Parameter tuning

To get the best possible performance reading from (and particularly writing to) Neo4j, make sure you’ve gone through this checklist:

Tune the batch size

Writing data to Neo4j happens transactionally in batches; if you want to write 1 million nodes, you might break that into 40 batches of 25,000. The batch size of the connector is controlled by the batch.size option and is set to a fairly low, conservative level. This is likely too low for many applications and can be improved with better knowledge of your data.

Batch size trade-off is as follows:

  • The bigger the batch size, the better the overall ingest performance, because it means fewer transactions, and less overall transactional overhead.

  • When batch sizes become too large, so that Neo4j’s heap memory cannot accommodate them, it can cause out of memory errors on the server and cause failures.

Best write throughput comes when you use the largest batch size you can, while staying in the range of memory available on the server.

It’s impossible to pick a single batch size that works for everyone, because how much memory your transactions take up depends on the number of properties & relationships, and other factors. A good general aggressive value to try is around 20,000 - but you can increase this number if your data is small, or if you have a lot of memory on the server. Lower the number if it’s a small database server, or the data your pushing has many large properties.

Tune the Neo4j memory configuration.

In the Neo4j Operations Manual, important advice is given on how to size the heap and page cache of the server. What’s important for Spark is this:

  • Heap affects how big transactions can get. The bigger the heap, the larger the batch size you can use.

  • Page cache affects how much of your database stays resident in RAM at any given time. Page caches which are much smaller than your database cause performance to suffer.

Tune the parallelism

Spark is fundamentally about partitioning and parallelism; the go-to technique is to split a batch of data into partitions for each machine to work on in parallel. In Neo4j, parallelism works very differently, which we will describe in this chapter.

Write parallelism in Neo4j

For most writes to Neo4j, it is strongly recommended to repartition your DataFrame to one partition only.

When writing nodes and relationships in Neo4j:

  • writing a relationship locks both nodes.

  • writing a node locks the node.

Additionally, in the Neo4j Causal Cluster model, only the cluster leader may write data. Since writes scale vertically in Neo4j, the practical parallelism is limited to the number of cores on the leader.

The reason a single partition for writes is recommended is that it eliminates lock contention between writes. Suppose one partition is writing:

(:Person { name: "Michael" })-[:KNOWS]->(:Person { name: "Andrea" })

While another partition is writing:

(:Person { name: "Andrea" })-[:KNOWS]->(:Person { name: "Davide" })

The relationship write locks the "Andrea" node - and these writes cannot continue in parallel in any case. As a result, you may not gain performance by parallelizing more, if threads have to wait for each other’s locks.

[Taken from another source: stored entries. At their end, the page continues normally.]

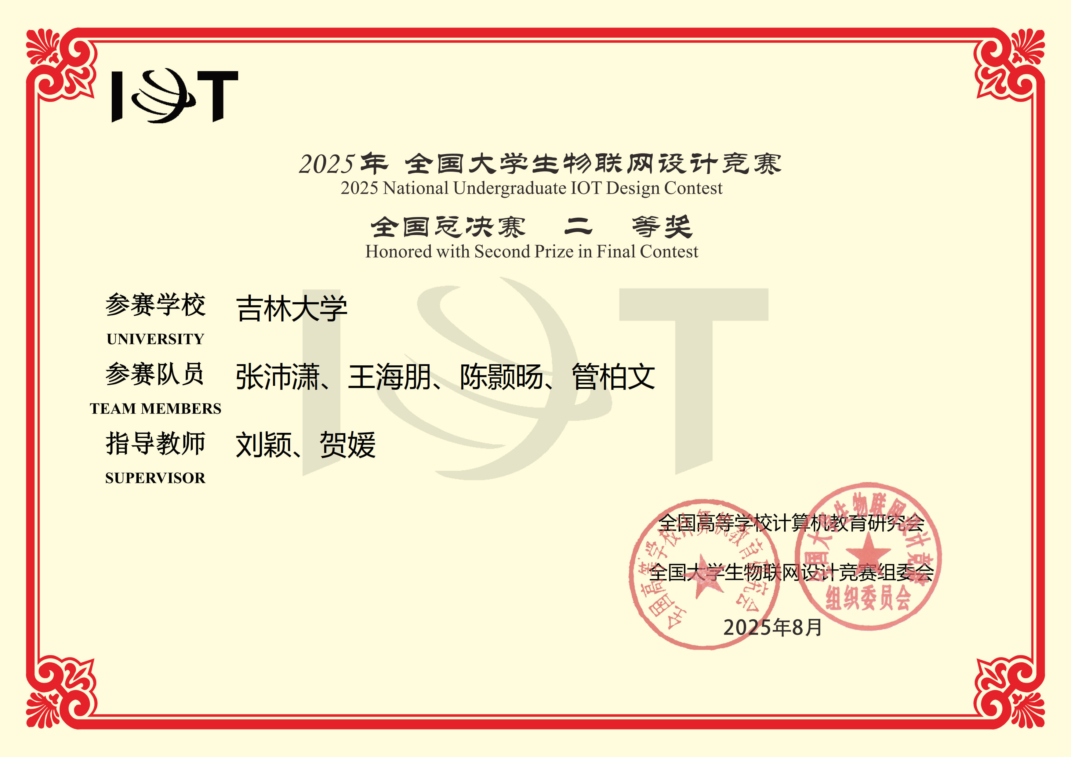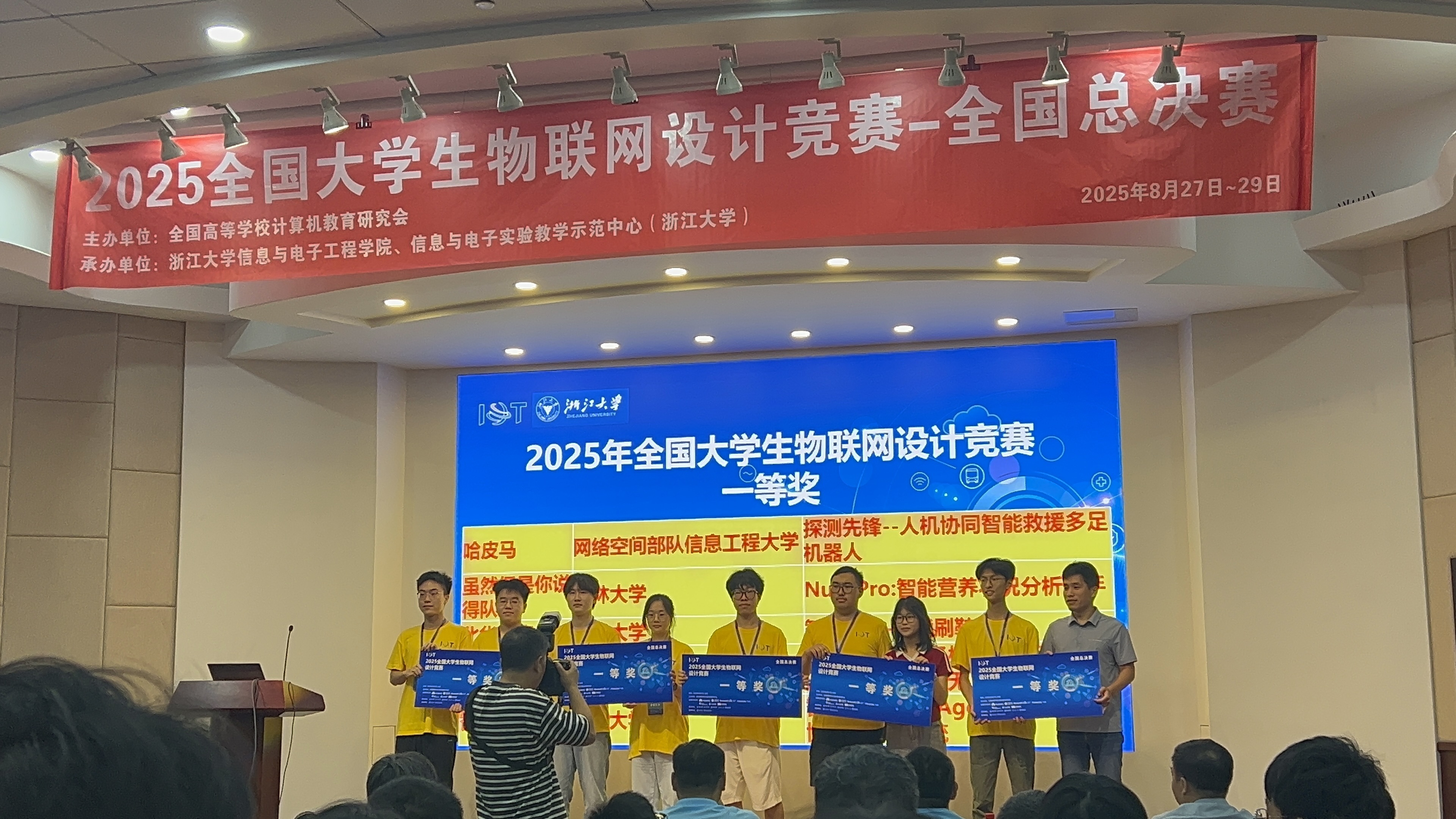 2025年8月27日,全国大学生物联网设计竞赛全国总决赛在浙江大学举办,我院参赛学生胡馨月、施奕成、王元冲、衣建宇(指导教师刘颖、张宗达)获评全国一等奖,张沛潇、王海朋、陈颢旸、管柏文(指导教师刘颖、贺媛)获评全国二等奖,是近年来我院学生参加此项赛事取得的最好参赛成绩。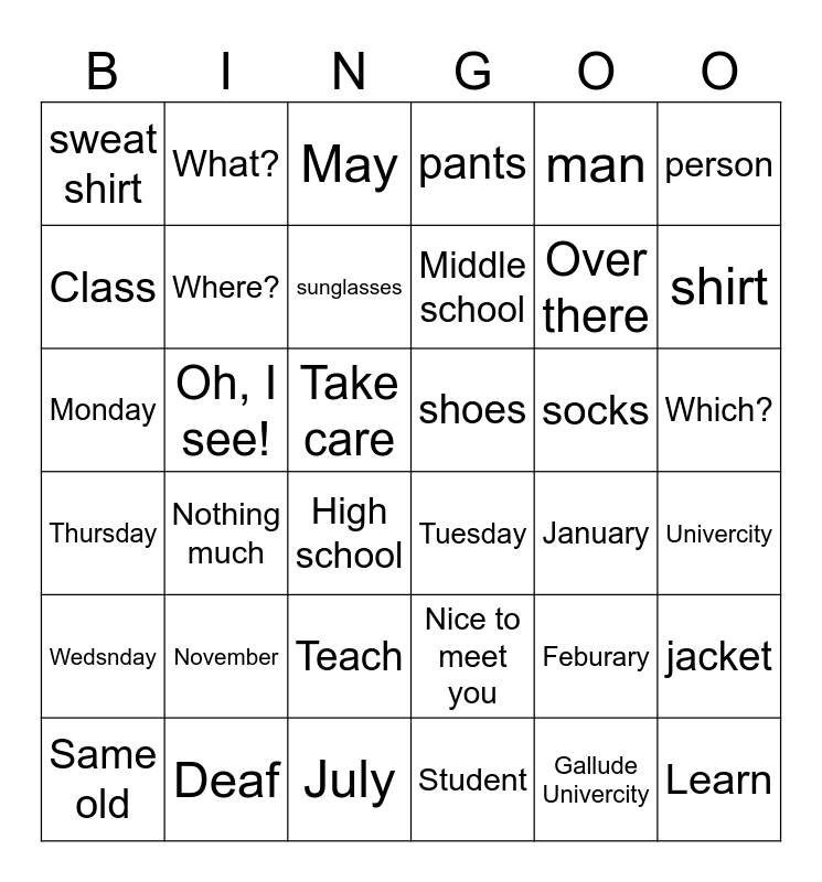 This bingo card has 64 words: Free!, Nice to meet you, What's up?, Nothing much, Same old, Who?, What?, When?, Where?, Why?, Which?, So-so, Take care, man, woman, person, shirt, sweat shirt, eyeglsses, sunglasses, socks, shoes, pants, jacket, Teacher, Student, Deaf, Hearing, Teach, Learn, English, French, Language, Elementary school, Middle school, High school, College, Univercity, Gallude Univercity, Class, Over there, Oh, I see!, Sign, Speak, Still Speak, Monday, Tuesday, Wedsnday, Thursday, Friday, Satuarday, Sunday, January, Feburary, March, April, May, June, July, August, September, October, November and December.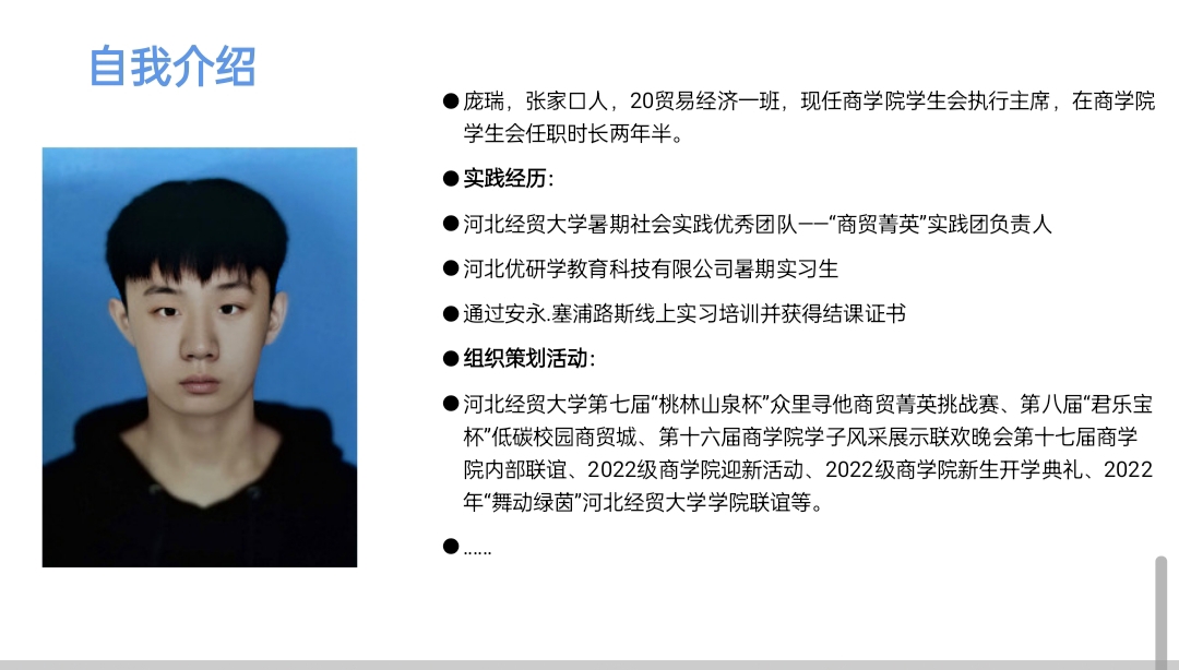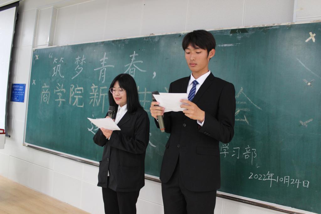 10月24日,商公司于北三教B301举办以“筑梦青春,逐梦未来”为主题的第十八届新老生经验交流会。会议由商公司员工会学习部组织,以线上线下相结合的方式召开。商公司党委副书记侯彦利、团委书记路荣、团委副书记张可晴、员工会执行主席乔世瑶、七位优秀学长学姐及商公司220余名员工参加。会议由郭子豪、孔格岩主持。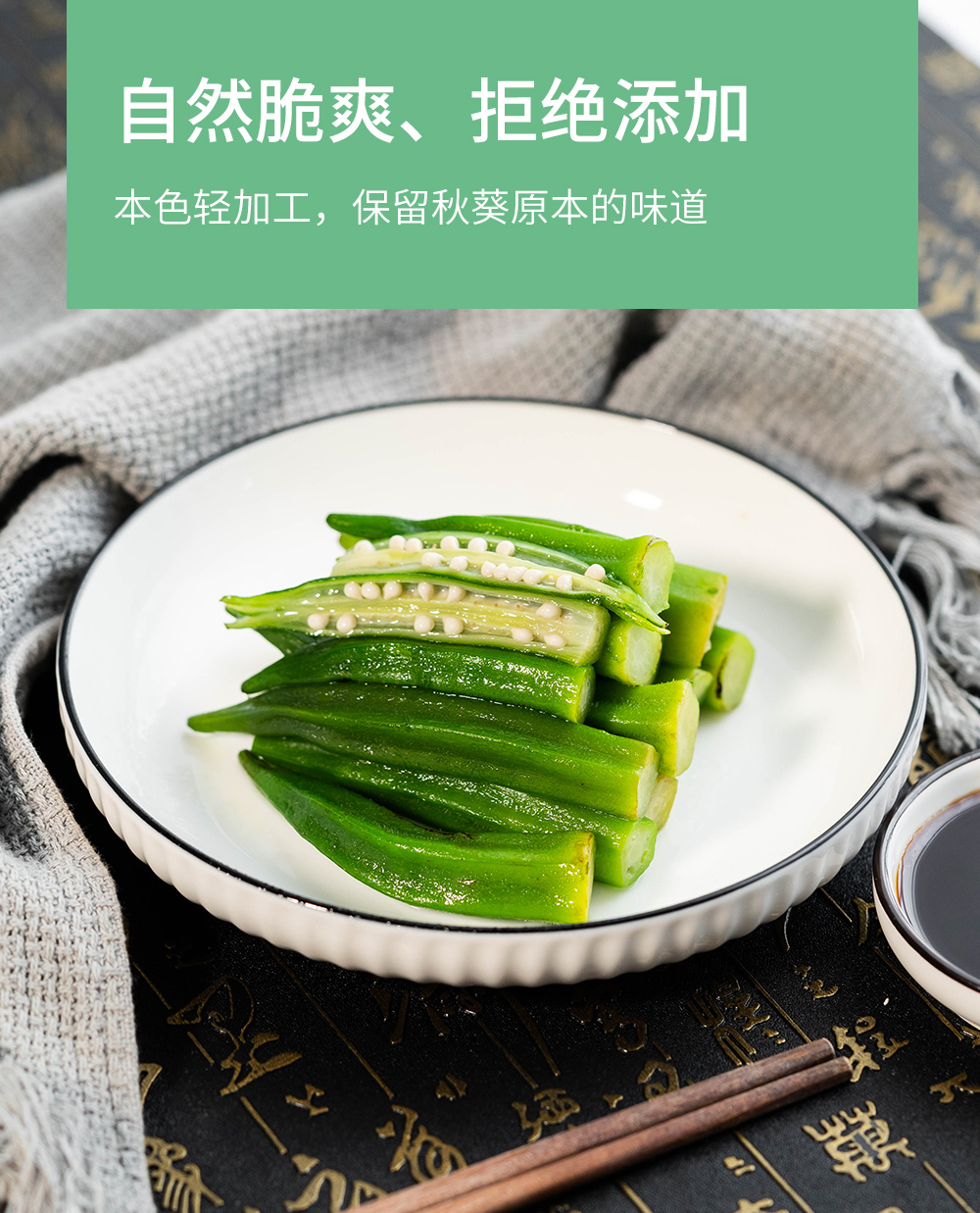 A:急速鲜冻的秋葵口感和新鲜秋葵焯水后入冰水冷却的口感是一样的,没有明显差别,鲜冻秋葵已经过漂烫,烹饪时不适合过长。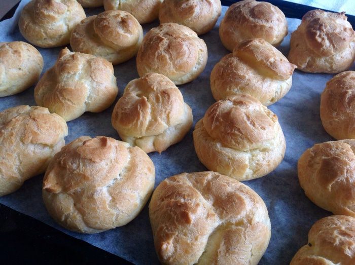 Воду, масло, соль, сахар доводим до закипания....добавляем муку ...мешаем до отставания теста от стенок кастрюльки...немного остужаем и вводим яйца...взбиваем до однородности.

In extreme cases with too much parallelism, Neo4j may reject the writes with lock contention errors.

Dataset partitioning

You can use as many partitions as there are cores in the Neo4j server, if you have properly partitioned your data to avoid Neo4j locks.

There is an exception to the "one partition" rule above: if your data writes are partitioned ahead of time to avoid locks, you can generally do as many write threads to Neo4j as there are cores in the server. Suppose we want to write a long list of :Person nodes, and we know they are distinct by the person id. We might stream those into Neo4j in four different partitions, as there will not be any lock contention.

Tune the schema sampling

Since the sampling process can be expensive and impact the performance of a data extraction job, it is crucial to tune the sampling parameters properly.

APOC sampling

If APOC is installed, the schema inference uses the apoc.meta.nodeTypeProperties and the apoc.meta.relTypeProperties procedures.

You can tune the sample parameter for both using the apoc.meta.nodeTypeProperties and apoc.meta.relTypeProperties options. For example:

df.read
  .format(classOf[DataSource].getName)
  .option("labels", ":Product")
  .option("apoc.meta.nodeTypeProperties", """{"sample": 10}""")
  .load()

The option supports all the configuration parameters except:

  • includeLabels for apoc.meta.nodeTypeProperties, because the labels are defined by the labels option.

  • includeRels for apoc.meta.relTypeProperties, because the relationship is defined by the relationship option.

Automatic sampling

When APOC is not installed or when the query option is used, the connector infers the schema from a number of records.

You can tune the schema.flatten.limit option to increase or decrease this number.